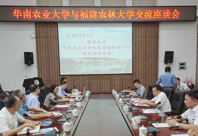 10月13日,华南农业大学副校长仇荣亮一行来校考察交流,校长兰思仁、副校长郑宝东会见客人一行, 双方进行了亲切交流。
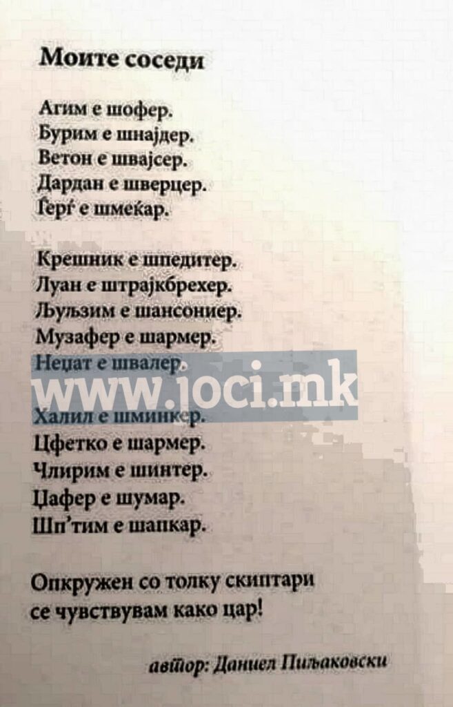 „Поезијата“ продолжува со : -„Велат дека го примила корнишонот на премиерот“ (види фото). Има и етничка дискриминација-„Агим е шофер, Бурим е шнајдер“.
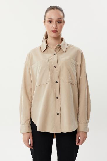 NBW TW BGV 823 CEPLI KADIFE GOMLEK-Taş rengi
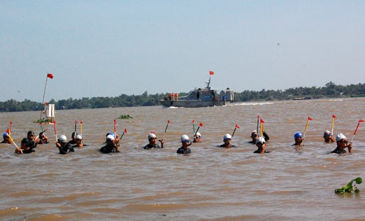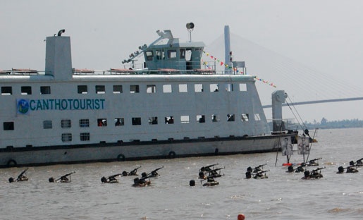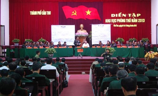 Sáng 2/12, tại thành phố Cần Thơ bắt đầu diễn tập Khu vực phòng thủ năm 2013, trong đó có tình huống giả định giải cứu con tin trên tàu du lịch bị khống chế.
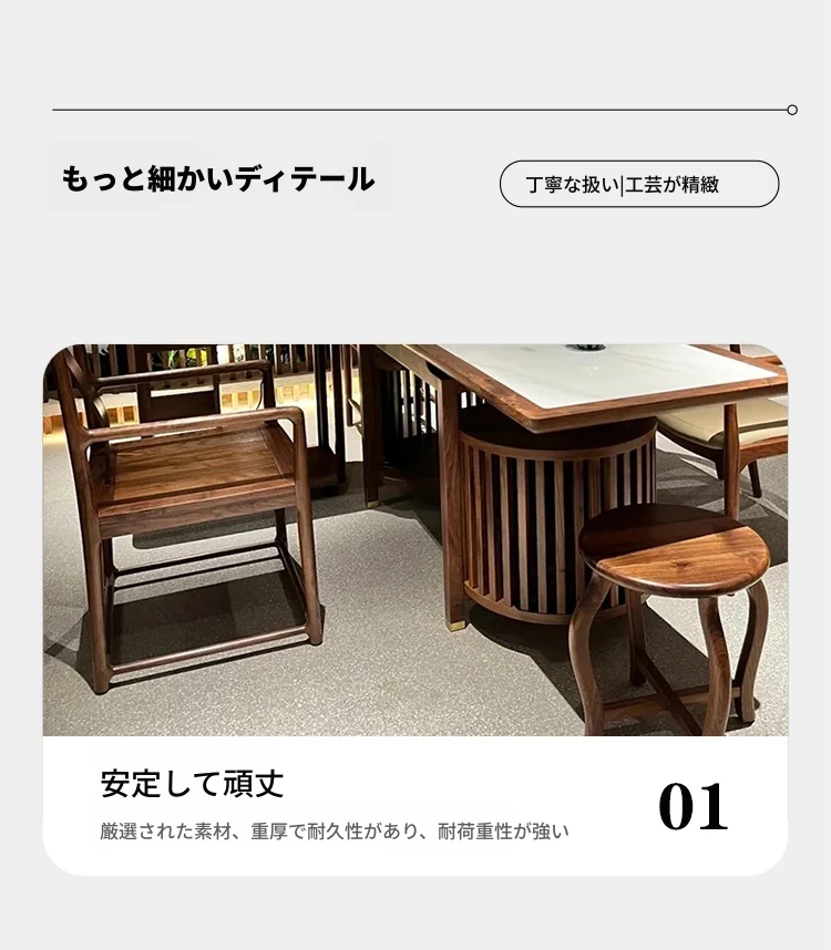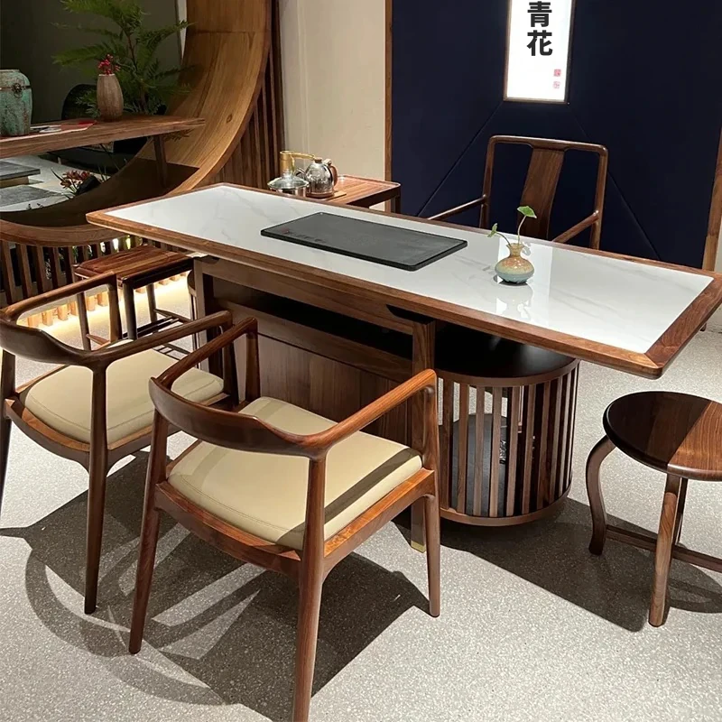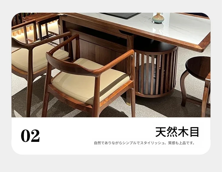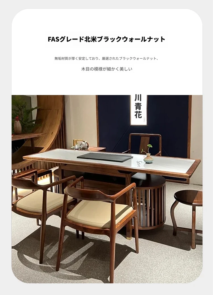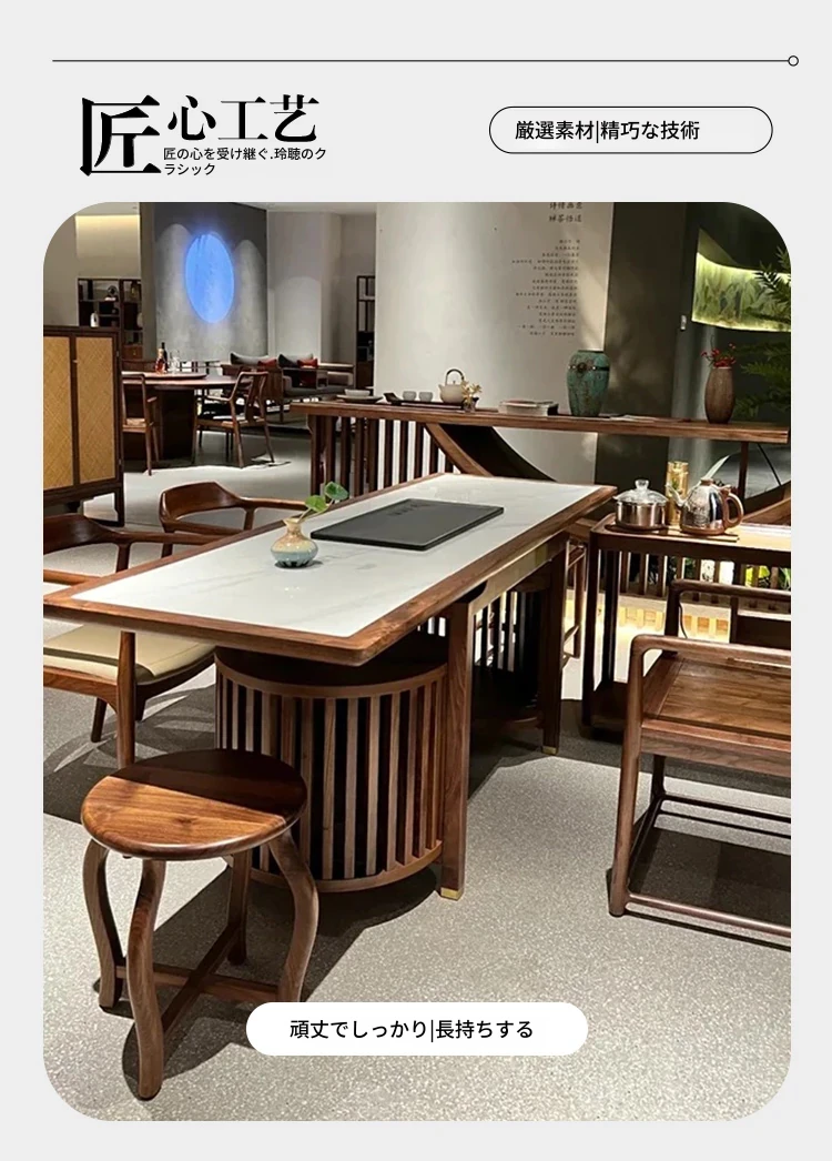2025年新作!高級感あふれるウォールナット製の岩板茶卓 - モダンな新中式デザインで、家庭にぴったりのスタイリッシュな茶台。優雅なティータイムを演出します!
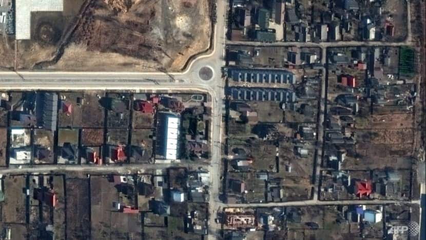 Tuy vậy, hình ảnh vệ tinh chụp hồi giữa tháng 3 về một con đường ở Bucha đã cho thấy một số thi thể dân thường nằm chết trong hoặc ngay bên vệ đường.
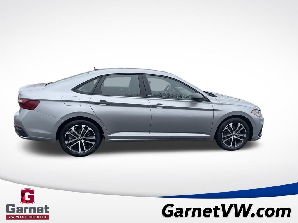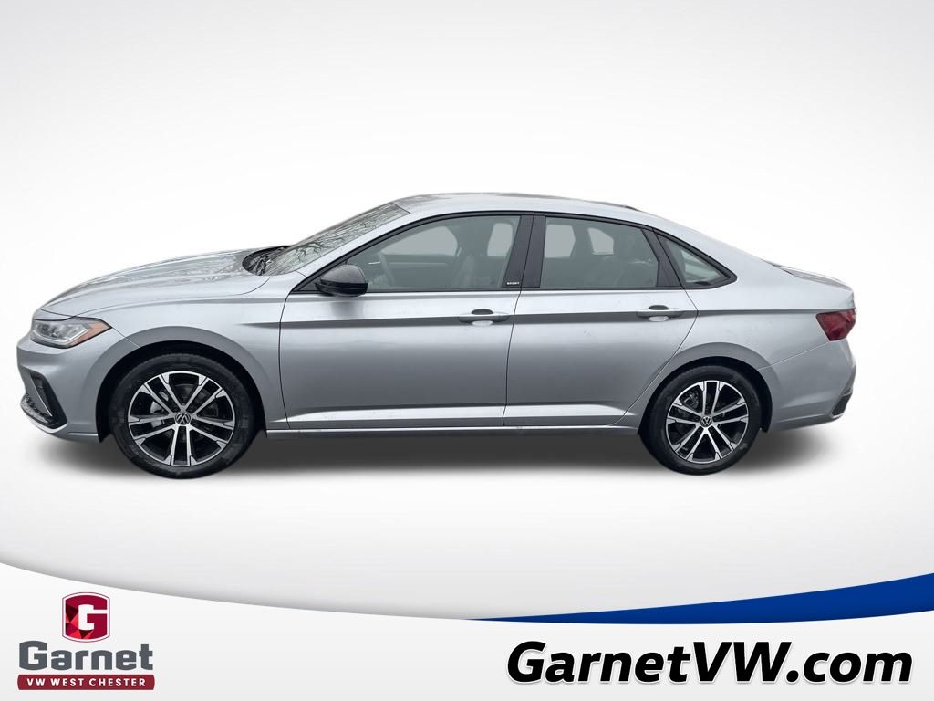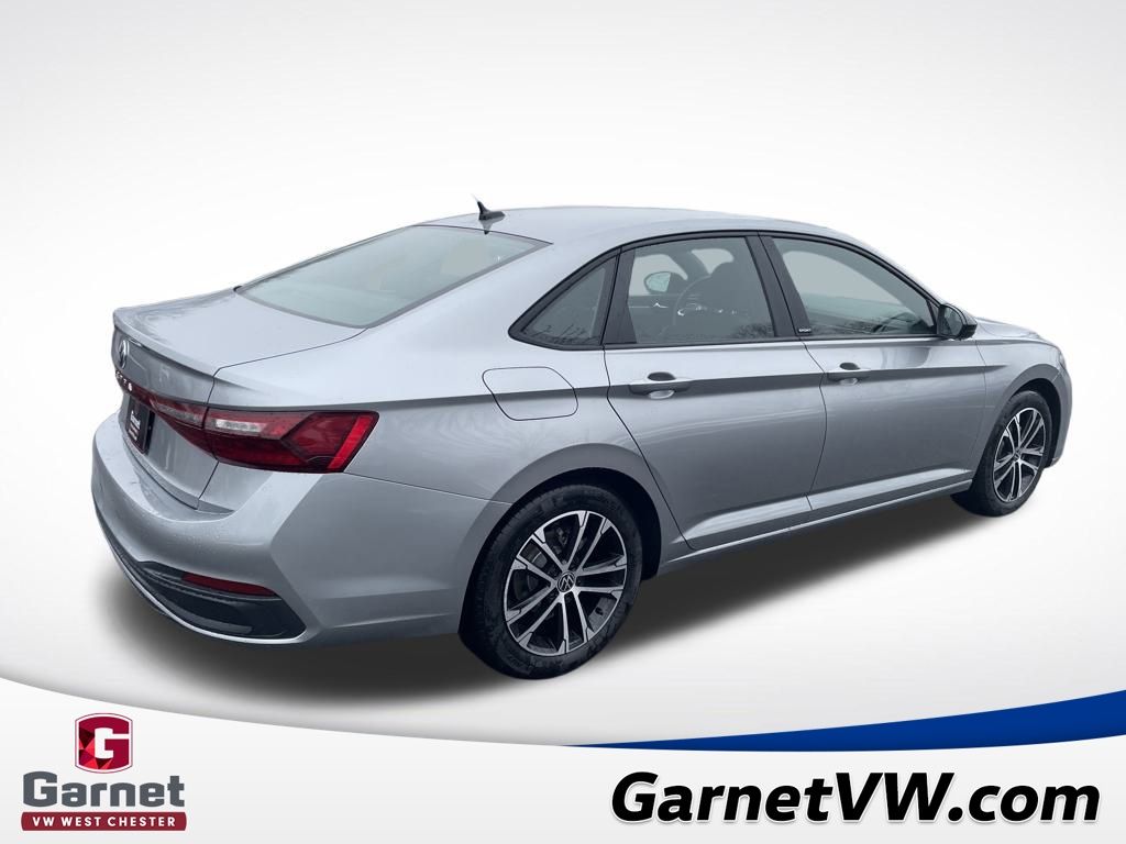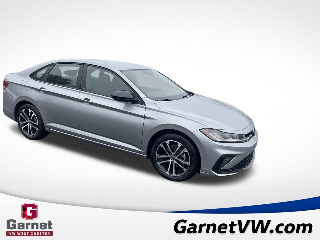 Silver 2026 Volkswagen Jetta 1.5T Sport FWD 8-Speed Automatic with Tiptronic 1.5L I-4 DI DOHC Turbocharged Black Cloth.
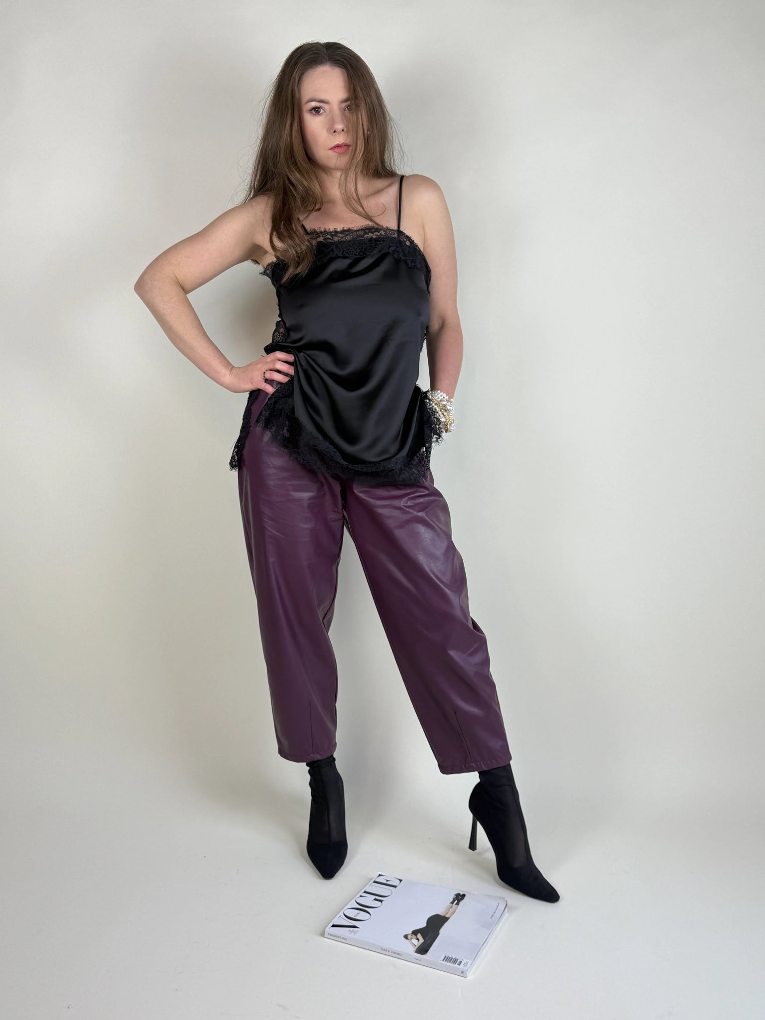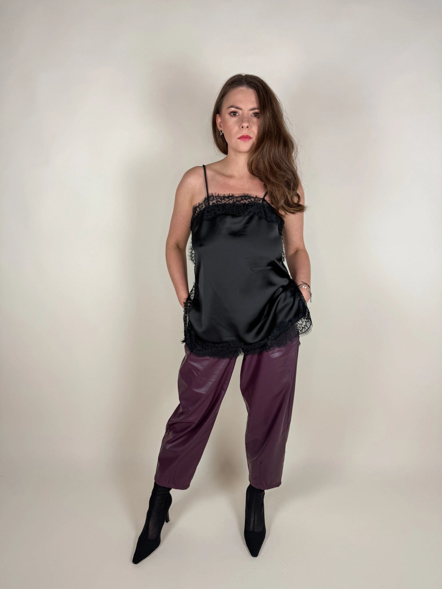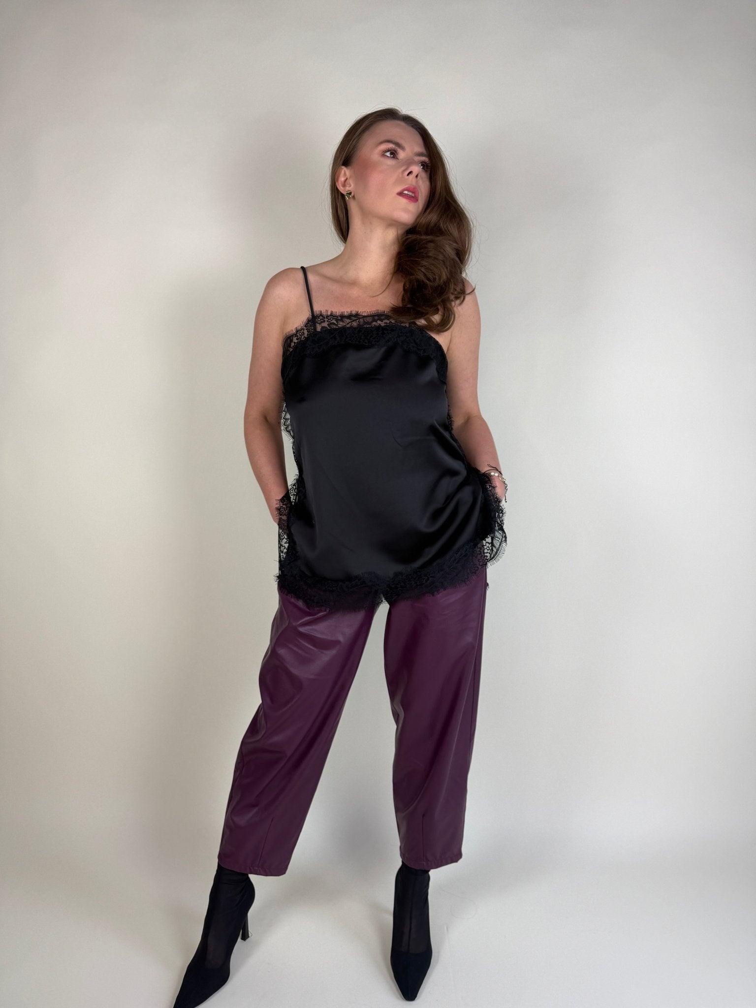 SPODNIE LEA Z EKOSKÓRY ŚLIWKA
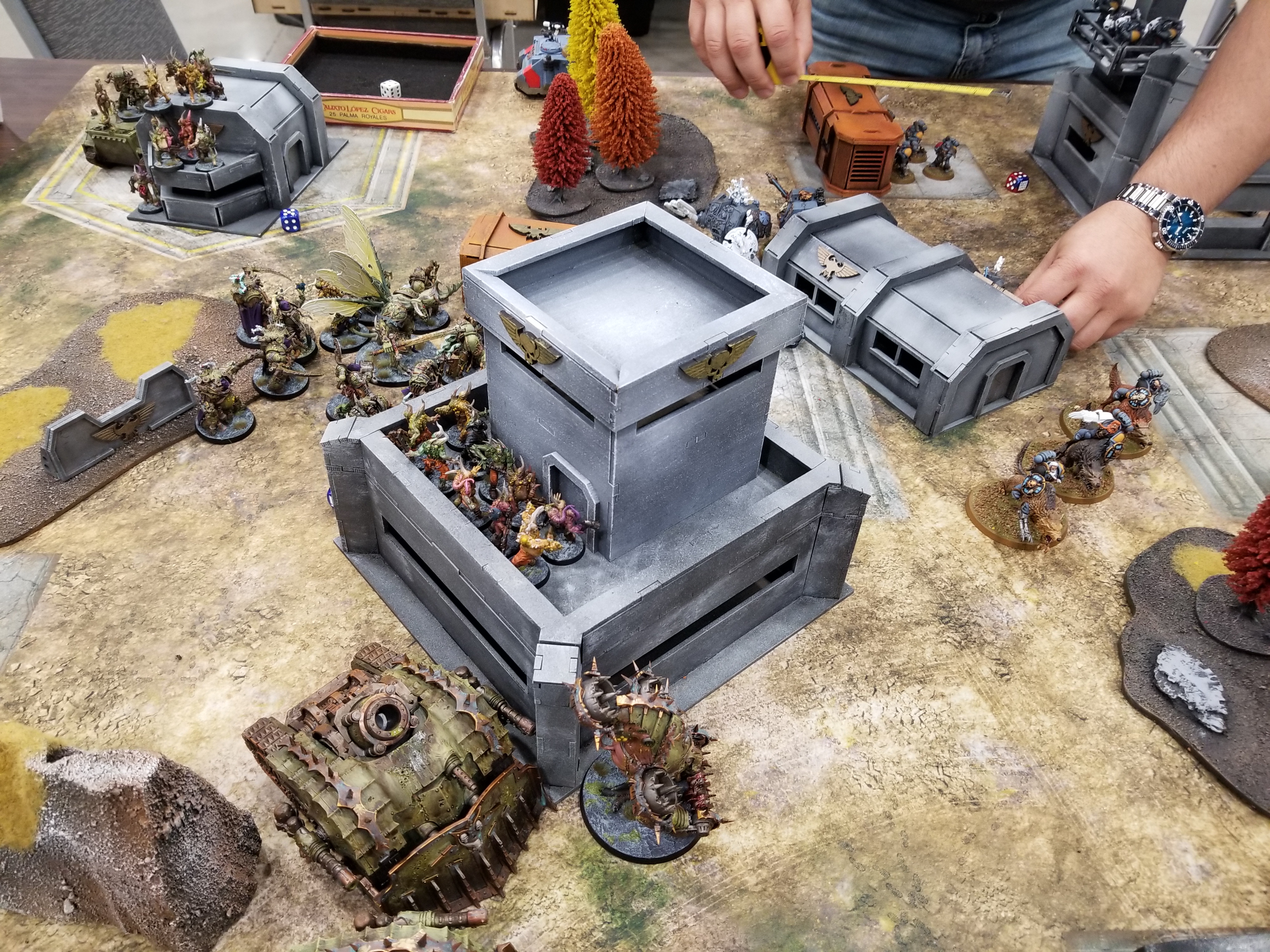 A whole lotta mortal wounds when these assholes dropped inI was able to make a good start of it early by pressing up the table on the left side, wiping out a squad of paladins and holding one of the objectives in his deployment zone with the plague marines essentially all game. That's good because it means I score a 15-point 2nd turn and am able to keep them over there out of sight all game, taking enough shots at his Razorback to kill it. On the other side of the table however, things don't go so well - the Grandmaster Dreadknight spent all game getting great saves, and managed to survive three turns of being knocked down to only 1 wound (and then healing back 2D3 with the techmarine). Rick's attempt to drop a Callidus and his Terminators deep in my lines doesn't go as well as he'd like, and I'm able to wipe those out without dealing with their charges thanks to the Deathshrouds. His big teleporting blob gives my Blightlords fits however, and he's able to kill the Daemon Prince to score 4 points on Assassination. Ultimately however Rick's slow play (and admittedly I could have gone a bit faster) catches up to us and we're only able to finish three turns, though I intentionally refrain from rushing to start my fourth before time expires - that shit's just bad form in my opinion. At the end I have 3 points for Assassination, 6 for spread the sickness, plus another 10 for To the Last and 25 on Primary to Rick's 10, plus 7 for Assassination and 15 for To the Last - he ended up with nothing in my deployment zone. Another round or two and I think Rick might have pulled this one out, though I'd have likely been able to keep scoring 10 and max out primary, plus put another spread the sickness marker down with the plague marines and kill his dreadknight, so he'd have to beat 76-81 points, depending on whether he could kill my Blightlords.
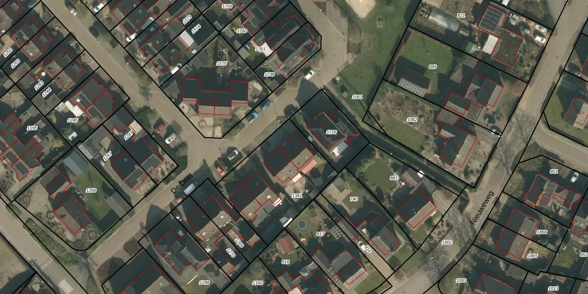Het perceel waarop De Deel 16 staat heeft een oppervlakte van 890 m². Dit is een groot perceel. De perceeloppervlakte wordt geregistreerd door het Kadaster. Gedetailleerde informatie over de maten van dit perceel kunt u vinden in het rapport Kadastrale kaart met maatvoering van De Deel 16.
::::
## What you should do
Start at the line containing "Sáng 2/12, tại" above and stop at the line containing "SPODNIE LEA Z EKOSKÓRY ŚLIWKA". Output those lines exactly, both included, but none of the pictures.

## Task answer
 Sáng 2/12, tại thành phố Cần Thơ bắt đầu diễn tập Khu vực phòng thủ năm 2013, trong đó có tình huống giả định giải cứu con tin trên tàu du lịch bị khống chế.
2025年新作!高級感あふれるウォールナット製の岩板茶卓 - モダンな新中式デザインで、家庭にぴったりのスタイリッシュな茶台。優雅なティータイムを演出します!
 Tuy vậy, hình ảnh vệ tinh chụp hồi giữa tháng 3 về một con đường ở Bucha đã cho thấy một số thi thể dân thường nằm chết trong hoặc ngay bên vệ đường.
 Silver 2026 Volkswagen Jetta 1.5T Sport FWD 8-Speed Automatic with Tiptronic 1.5L I-4 DI DOHC Turbocharged Black Cloth.
 SPODNIE LEA Z EKOSKÓRY ŚLIWKA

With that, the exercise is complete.